Strengthening our collective response to child maltreatment is important given the high volume of abuse and neglect in this country, the long-term consequences of maltreatment for health and wellbeing, and the racial disproportionality that exists within the child welfare system. - Social Work Assistant Professor Bryan Victor, PhD

For new Wayne State University Assistant Professor Bryan Victor, improving child welfare practice in the United States is an urgent issue. “We need to effectively respond to child maltreatment while ensuring that involvement with child welfare systems in the United States enhance the wellbeing of both children and their caregivers, something which unfortunately is not always the case.” Victor examines policy and practice innovations designed to enhance the ability of child welfare systems to address children’s exposure to domestic violence and parental substance misuse, and to reduce the harm to families that is often associated with child welfare involvement.
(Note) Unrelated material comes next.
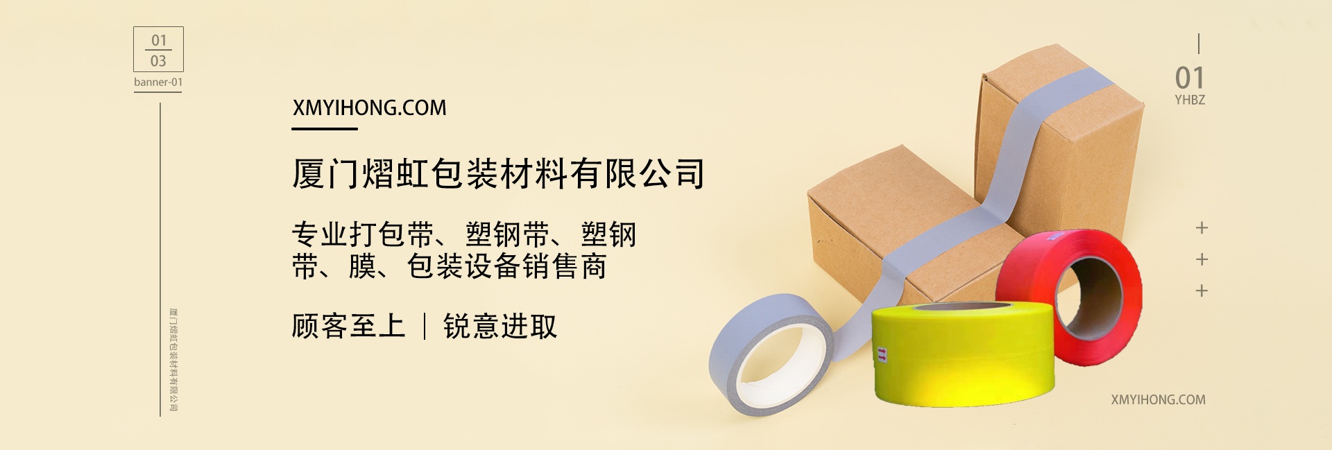 廈門熠虹(hóng)包裝材料有(you)限公司,是一(yī)家綜合性的(de)新型包裝材(cai)料有限公司(sī),公司坐落于(yú)廈門市集美(měi)中心區。 廈門(mén)熠虹包裝材(cai)料有限公司(si)多年來始終(zhong)堅持以“創新(xīn)爲先、服備爲(wei)誠、信譽爲重(zhòng),管理爲本”爲(wèi)企業核心價(jià)值,我們緻力(lì)于爲企業後(hou)道包裝提供(gong)質優價廉的(de)産品服務而(ér)努力。 公司創(chuàng)始人從事包(bao)裝行業15年,具(ju)有豐富的經(jīng)驗及創新理(lǐ)念,公司擁有(yǒu)先進的生産(chan)設備和自動(dòng)流水線作業(ye),專注于後道(dao)包裝設備與(yǔ)包裝材料PET、PP、PE、POF、膠(jiāo)帶等塑膠類(lei)包裝材料。經(jing)過不懈努力(li),更是研發出(chū)了耗能更低(dī),用工更少,産(chǎn)量更高的生(shēng)産線和包裝(zhuāng)産品。中高端(duān)産品均通過(guo)SGS環保體系檢(jiǎn)測、SGS質量檢測(cè)。打包帶日産(chǎn)量10噸,纏繞膜(mó)月産量150噸,膠(jiāo)帶年産量在(zài)3萬件以上。 .爲(wèi)提供各地區(qu)客戶的快速(sù)便捷的售後(hou)服務,我司在(zài)漳州,泉州,莆(pú)田,廣 州,惠州(zhōu),昆山,上海,山(shān)東等地都設(she)有報務點,在(zai)全體同仁的(de)不懈努力下(xia),産品深受廣(guang)大用戶好評(píng)。我們也将一(yi)如既往地追(zhui)求卓越的品(pin)質、優質的服(fu)務,與廣大合(he)作夥伴,攜手(shǒu)共創美好未(wei)來! 品牌主要(yao)有:打包帶系(xì)列,塑鋼帶系(xi)列,膠帶系列(liè),膜系列,包裝(zhuāng)設備系列等(děng)高端技術行(háng)業。 本公司不(bu)但有品牌質(zhi)量的保證,同(tóng)時具有市場(chang)主導競争優(yōu)勢,與廣大企(qǐ)業客戶建立(lì)了良好穩定(ding)的合作關系(xi)。我們的專業(yè)膠帶技術讓(ràng)您的産品性(xing)能最優化,增(zeng)進其産品形(xíng)象,更具有競(jìng)争力,也是您(nin)降低制造成(cheng)本的最佳夥(huo)伴。 我司竭誠(cheng)希望與更多(duō)的廠商、貿易(yi)公司建立良(liang)好的合作關(guān)系,持續爲客(ke)戶創造最大(dà)價值。 公司秉(bǐng)承“顧客至上(shang),銳意進取”的(de)經營理念,堅(jiān)持“客戶第一(yi)”的原則爲廣(guǎng)大客戶提供(gòng)優質的服務(wù)。歡迎惠顧!

He also investigates primary prevention strategies for child maltreatment including the use of family resource centers to reduce rates of entry into the foster care system.

Victor is no stranger to warrior country having obtained his Doctor of Philosophy from the School in 2017. Victor also earned a Master of Social Work from the University of Michigan and Bachelor of Arts in Social Relations and Social Policy from Michigan State University. Prior to returning to Detroit, Victor  served on the faculty at the Indiana University School of Social Work. “Transitioning from Indiana  back to Wayne State is a homecoming for me.  I’m thrilled to return and support all of the amazing service and social justice work that the School is doing across Detroit and Southeast Michigan, and to help in training the next generation of social work practitioners and scholars.”

Victor’s work is steeped in community relationship building and has him working closely with local domestic violence service organizations and the Michigan Department of Health and Human Services. “Families in Detroit often face investigation by the child welfare system, and these investigations can result in the separation of children from their families. My work is designed to prevent families from becoming involved with child welfare in the first place by enhancing the availability of resources and concrete supports in local communities that are protective against maltreatment and enhance family wellbeing.” Victor’s work also incorporates reducing the punitive aspects of child welfare involvement. For instance, survivors of domestic violence are often held accountable by child welfare systems for a perceived “failure to protect” their children. Victor’s work highlights the need to instead hold perpetrators of domestic violence responsible for the harm that they cause, and to support child welfare responses that work to keep survivors and their children together with access to the resources they need.

Victor plans to work closely with the Center for Social Work Research to expand his research portfolio, which currently includes Strengthening Indiana Families, a $2.84 million dollar grant he co-leads with Dr. E. Susana Mariscal at Indiana University. Funded by the Children’s Bureau in the U.S. Administration for Children and Families, the project focuses on the development and implementation of family resource centers as a primary prevention strategy for child maltreatment. Strengthening Indiana Families is being carried out in collaboration with a number of state agencies, community partners, local municipalities, and families and youth with lived experience in the child welfare system.